#### To do:
Please reproduce all of the listing below exactly and drop its images.

------------------------

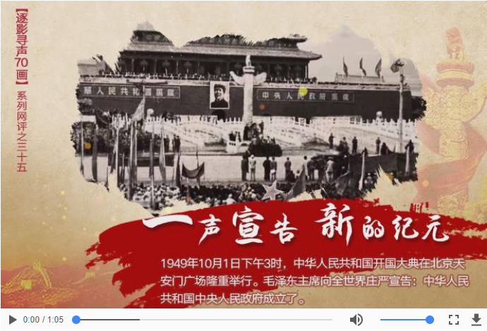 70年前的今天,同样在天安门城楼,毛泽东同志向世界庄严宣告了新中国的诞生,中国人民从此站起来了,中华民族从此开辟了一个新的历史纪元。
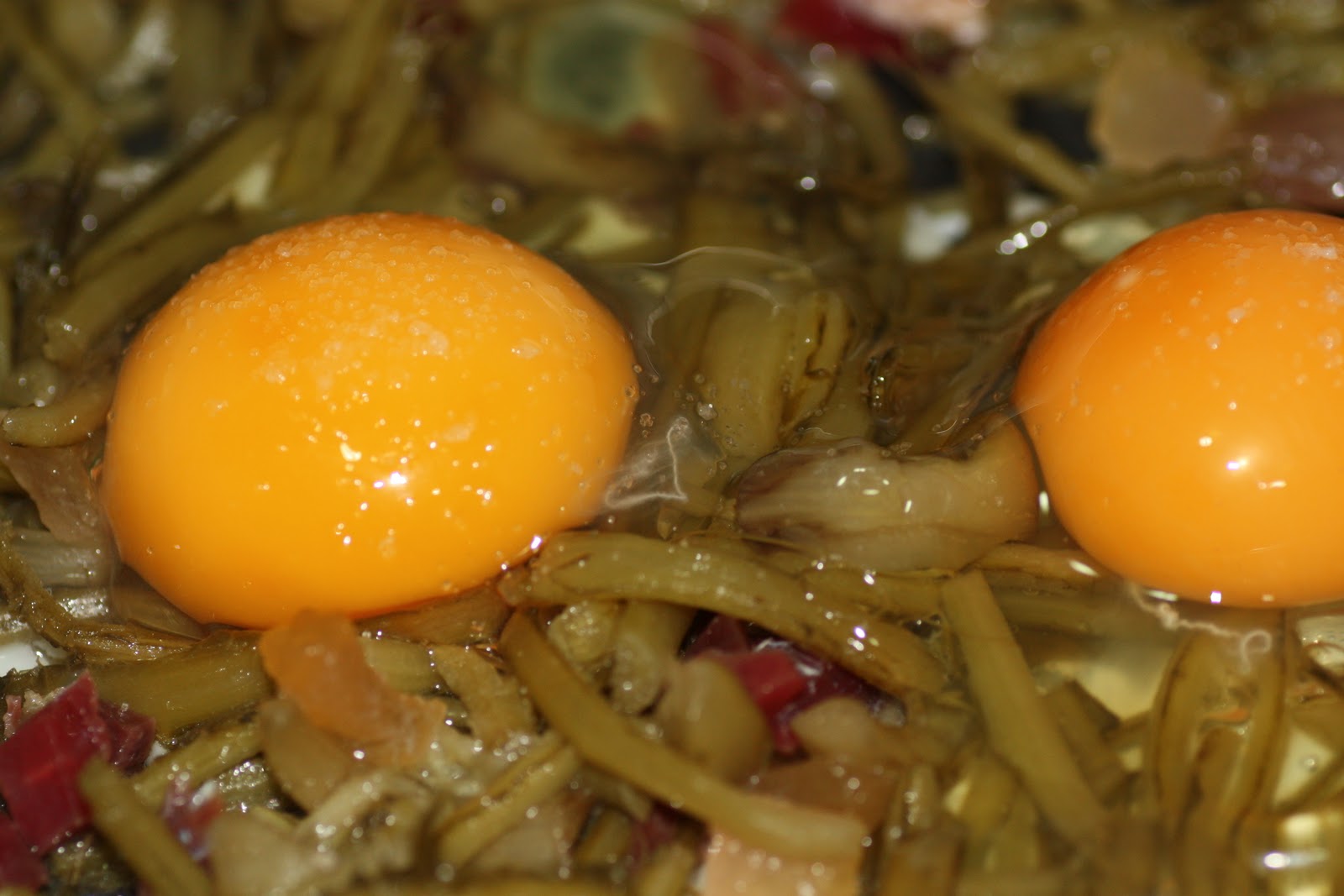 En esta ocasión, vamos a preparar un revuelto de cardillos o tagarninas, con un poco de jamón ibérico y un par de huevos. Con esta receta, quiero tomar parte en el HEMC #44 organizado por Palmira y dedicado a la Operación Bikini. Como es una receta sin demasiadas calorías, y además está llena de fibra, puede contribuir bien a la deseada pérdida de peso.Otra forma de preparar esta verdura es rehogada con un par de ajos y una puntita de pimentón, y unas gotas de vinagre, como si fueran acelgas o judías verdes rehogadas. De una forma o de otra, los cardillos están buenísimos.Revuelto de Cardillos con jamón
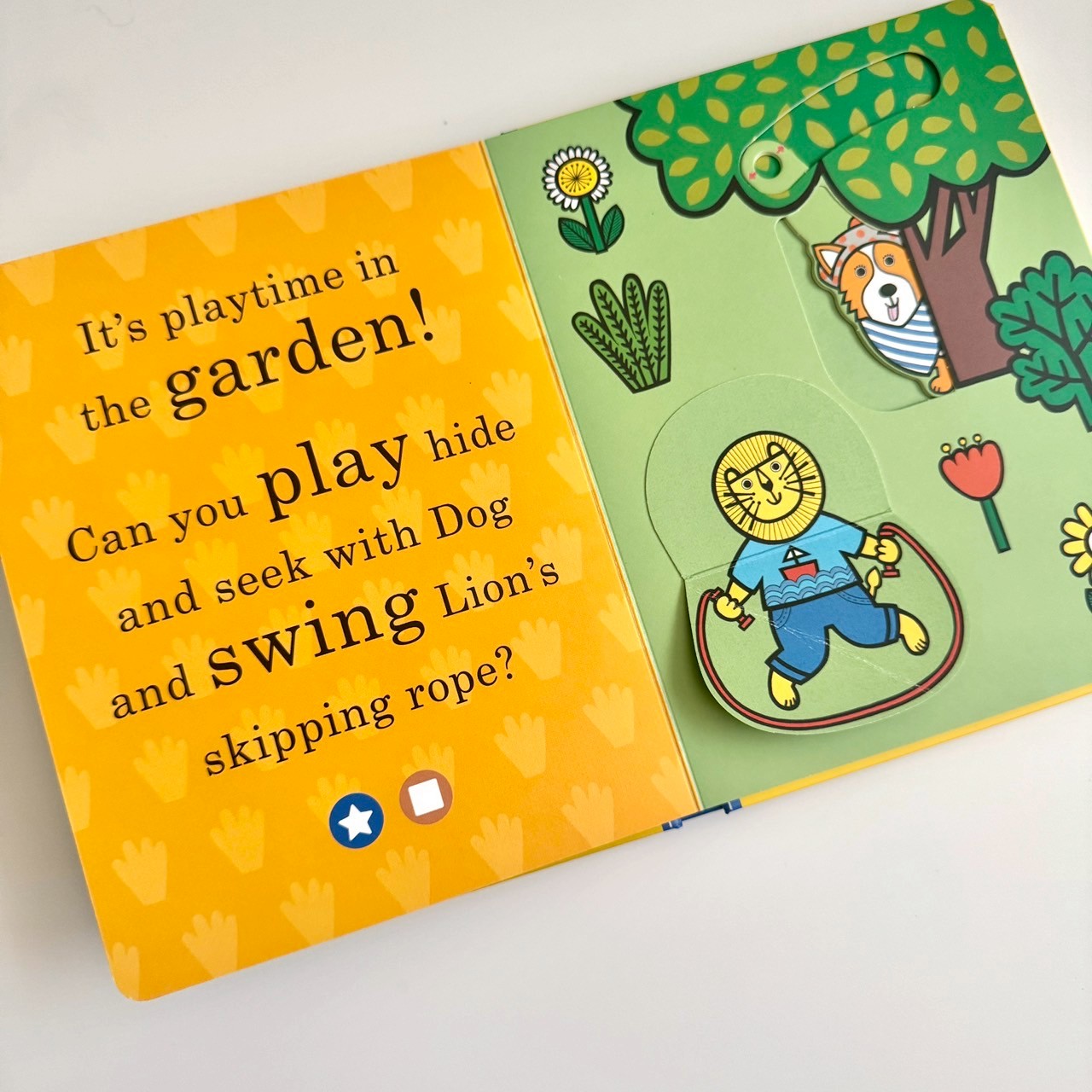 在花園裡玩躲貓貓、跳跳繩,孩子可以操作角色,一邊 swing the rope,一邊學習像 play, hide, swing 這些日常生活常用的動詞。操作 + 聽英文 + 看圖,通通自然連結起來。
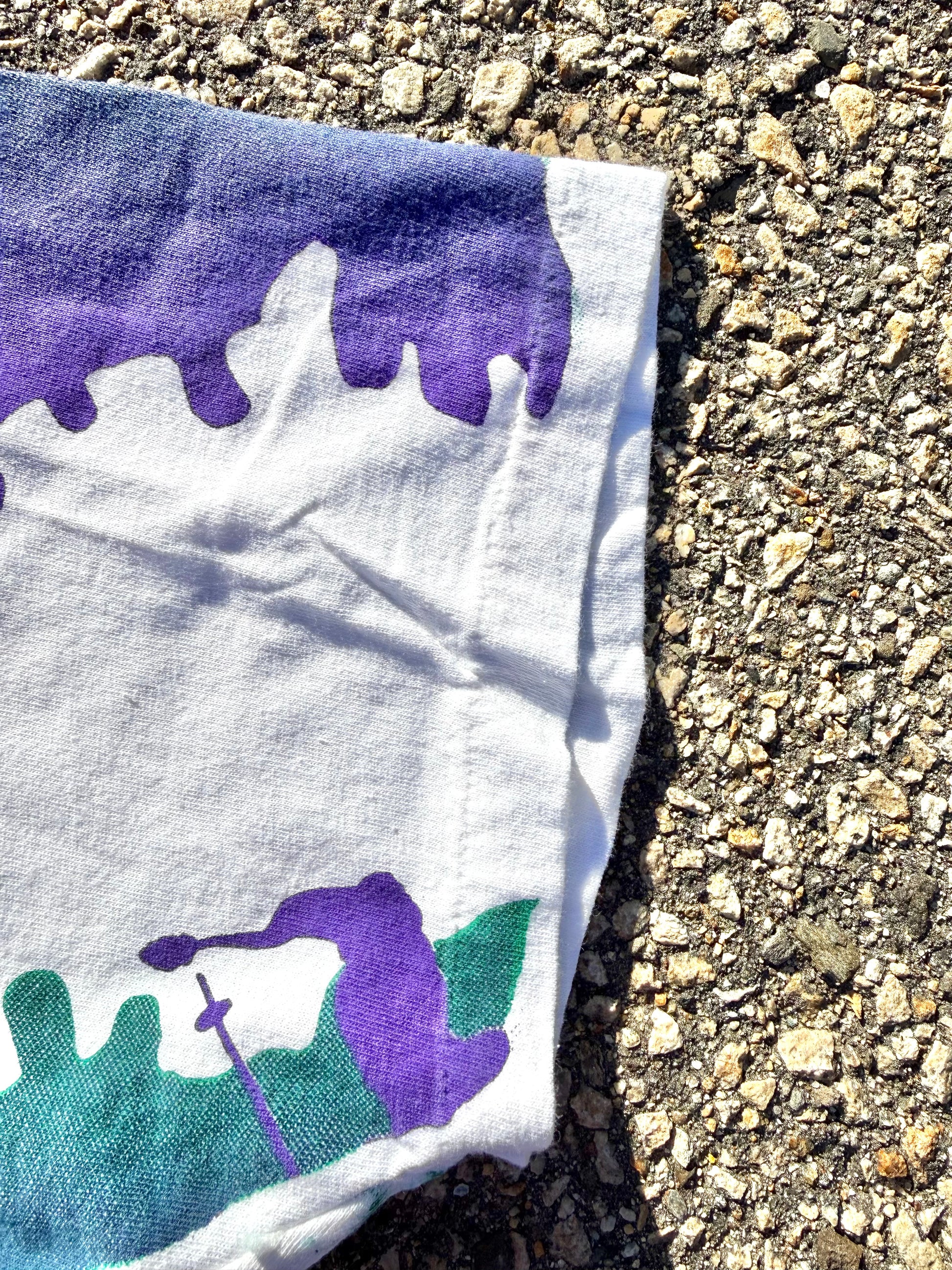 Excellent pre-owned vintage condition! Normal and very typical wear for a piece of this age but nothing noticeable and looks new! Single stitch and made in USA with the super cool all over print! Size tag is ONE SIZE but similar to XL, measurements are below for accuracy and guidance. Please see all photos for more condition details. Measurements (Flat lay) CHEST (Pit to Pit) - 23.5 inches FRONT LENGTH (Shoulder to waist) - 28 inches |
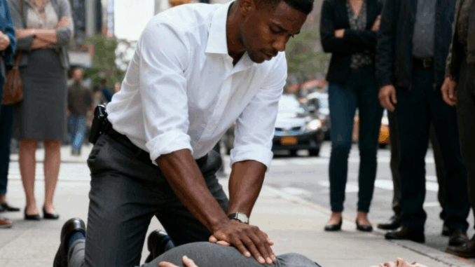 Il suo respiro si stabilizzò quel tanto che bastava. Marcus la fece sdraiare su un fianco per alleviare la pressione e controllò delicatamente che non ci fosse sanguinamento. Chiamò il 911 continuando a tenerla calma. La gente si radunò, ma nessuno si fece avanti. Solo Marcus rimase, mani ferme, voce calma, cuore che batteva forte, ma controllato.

------------------------

#### Answer space:
 70年前的今天,同样在天安门城楼,毛泽东同志向世界庄严宣告了新中国的诞生,中国人民从此站起来了,中华民族从此开辟了一个新的历史纪元。
 En esta ocasión, vamos a preparar un revuelto de cardillos o tagarninas, con un poco de jamón ibérico y un par de huevos. Con esta receta, quiero tomar parte en el HEMC #44 organizado por Palmira y dedicado a la Operación Bikini. Como es una receta sin demasiadas calorías, y además está llena de fibra, puede contribuir bien a la deseada pérdida de peso.Otra forma de preparar esta verdura es rehogada con un par de ajos y una puntita de pimentón, y unas gotas de vinagre, como si fueran acelgas o judías verdes rehogadas. De una forma o de otra, los cardillos están buenísimos.Revuelto de Cardillos con jamón
 在花園裡玩躲貓貓、跳跳繩,孩子可以操作角色,一邊 swing the rope,一邊學習像 play, hide, swing 這些日常生活常用的動詞。操作 + 聽英文 + 看圖,通通自然連結起來。
 Excellent pre-owned vintage condition! Normal and very typical wear for a piece of this age but nothing noticeable and looks new! Single stitch and made in USA with the super cool all over print! Size tag is ONE SIZE but similar to XL, measurements are below for accuracy and guidance. Please see all photos for more condition details. Measurements (Flat lay) CHEST (Pit to Pit) - 23.5 inches FRONT LENGTH (Shoulder to waist) - 28 inches |
 Il suo respiro si stabilizzò quel tanto che bastava. Marcus la fece sdraiare su un fianco per alleviare la pressione e controllò delicatamente che non ci fosse sanguinamento. Chiamò il 911 continuando a tenerla calma. La gente si radunò, ma nessuno si fece avanti. Solo Marcus rimase, mani ferme, voce calma, cuore che batteva forte, ma controllato.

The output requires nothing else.